[PATCH AUTOSEL 4.20 298/304] proc/sysctl: fix return error for proc_doulongvec_minmax()

From: Sasha Levin
Date: Mon Jan 28 2019 - 10:59:01 EST


From: Cheng Lin <cheng.lin130@xxxxxxxxxx>

[ Upstream commit 09be178400829dddc1189b50a7888495dd26aa84 ]

If the number of input parameters is less than the total parameters, an
EINVAL error will be returned.

For example, we use proc_doulongvec_minmax to pass up to two parameters
with kern_table:

{
.procname = "monitor_signals",
.data = &monitor_sigs,
.maxlen = 2*sizeof(unsigned long),
.mode = 0644,
.proc_handler = proc_doulongvec_minmax,
},

Reproduce:

When passing two parameters, it's work normal. But passing only one
parameter, an error "Invalid argument"(EINVAL) is returned.
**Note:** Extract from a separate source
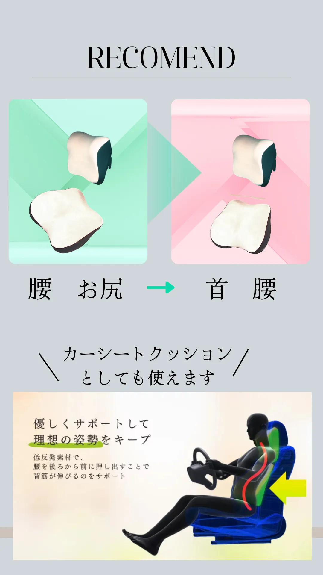 長時間のデスク作業における腰やお尻の負担を軽減するための、サポートクッションです。自然なS字ラインに姿勢をサポートし、身体にフィットするデザインと低反発素材を使用することで、長時間座ることの不快感を軽減します。

[root@cl150 ~]# echo 1 2 > /proc/sys/kernel/monitor_signals
[root@cl150 ~]# cat /proc/sys/kernel/monitor_signals
1 2
[root@cl150 ~]# echo 3 > /proc/sys/kernel/monitor_signals
-bash: echo: write error: Invalid argument
[root@cl150 ~]# echo $?
1
[root@cl150 ~]# cat /proc/sys/kernel/monitor_signals
3 2
[root@cl150 ~]#

The following is the result after apply this patch. No error is
returned when the number of input parameters is less than the total
parameters.

[root@cl150 ~]# echo 1 2 > /proc/sys/kernel/monitor_signals
[root@cl150 ~]# cat /proc/sys/kernel/monitor_signals
1 2
[root@cl150 ~]# echo 3 > /proc/sys/kernel/monitor_signals
[root@cl150 ~]# echo $?
0
[root@cl150 ~]# cat /proc/sys/kernel/monitor_signals
3 2
[root@cl150 ~]#

There are three processing functions dealing with digital parameters,
__do_proc_dointvec/__do_proc_douintvec/__do_proc_doulongvec_minmax.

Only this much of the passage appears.